Przelatując przez park zapuszczam żurawia czy by nie wjechać na czarny szlak ale oblodzenia zniechęcają mnie. Na wąskich oponkach nie będę ryzykował. Ze 2x mi już dziś koło na zlodzonym śniegu chciało uciekać. Jadę dalej asfaltem do Marianek i skręcam na Preczów. Stąd już standardowa droga przez Sarnów do domu.

Przyjemnie się kręciło. Miło było znowu zobaczyć na liczniku prędkości powyżej 30km/h i dobić do średniej rzędu 20km/h. Mimo niezłej pogody nie spotkałem zbyt wielu rowerzystów.


Kategoria Inne

Styczniowe Harce

Sobota, 12 stycznia 2019 | dodano: 12.01.2019
Uczestnicy

Wczoraj kontrolny sms do Mariusza w treści "Plany na jutro?". No i się urodziły. Poszło jeszcze info do Cyklozy jakby ktoś reflektował.

Dziś zbieram się na koła o 8:15 i kręcę prawie jak do pracy przez "913" do świateł, potem do Łagiszy w stronę Kreisela i za mostem na Czarnej Przemszy do parku na Zielonej i dalej pod Molo przy Pogorii 3. Tu spotykam się z Mariuszem. Umówiliśmy się na 9:00 ale jesteśmy obaj wcześniej. Czekamy jeszcze do 9:10 jakby jednak ktoś się miał przyłączyć choć odzewu nie było. Potem ruszamy.

Trasa jak na mapce:


Większość po śniegu bo w końcu taki był cel.

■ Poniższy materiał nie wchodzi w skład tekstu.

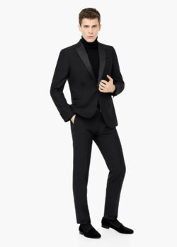 Otro estilo de traje es este que propone Mango dentro de su campaña “evening”, que está dedicada a la moda para la última noche del año. Esta firma apuesta por los trajes en los que las camisas y las camisas se dejen de lado, y apuestan por un elegante “total look” en negro con el cuello vuelto. Es un estilo algo más moderno pero también muy acertado si tenemos en cuenta que durante todo el invierno, el uso de jerséis de cuello vuelto va a ser una de las tendencias más fuertes.

Króciutki wypych był tylko w jednym miejscu gdzie były zawiane koleiny i nijak nie dało się wyczuć co jest pod śniegiem. Ciągle wybijało z rytmu jazdy i sprowadzało koła na manowce. Było tego może 500m. Może nawet nie. Tzn. jazda szarpana. Kilkadziesiąt metrów kręcenie kilkadziesiąt z buta. Przebrnąwszy jednak ten kawałek resztę dało się jechać.

Miałem na śniegu ewidentnie łatwiej niż Mariusz. Duży balon pozwalał zaoszczędzić sporo sił. Mariusz z kolei nadrabiał techniką i może jechał wolniej, ale jechał. Generalnie śladów innych rowerzystów nie za wiele. Więcej wydeptanego.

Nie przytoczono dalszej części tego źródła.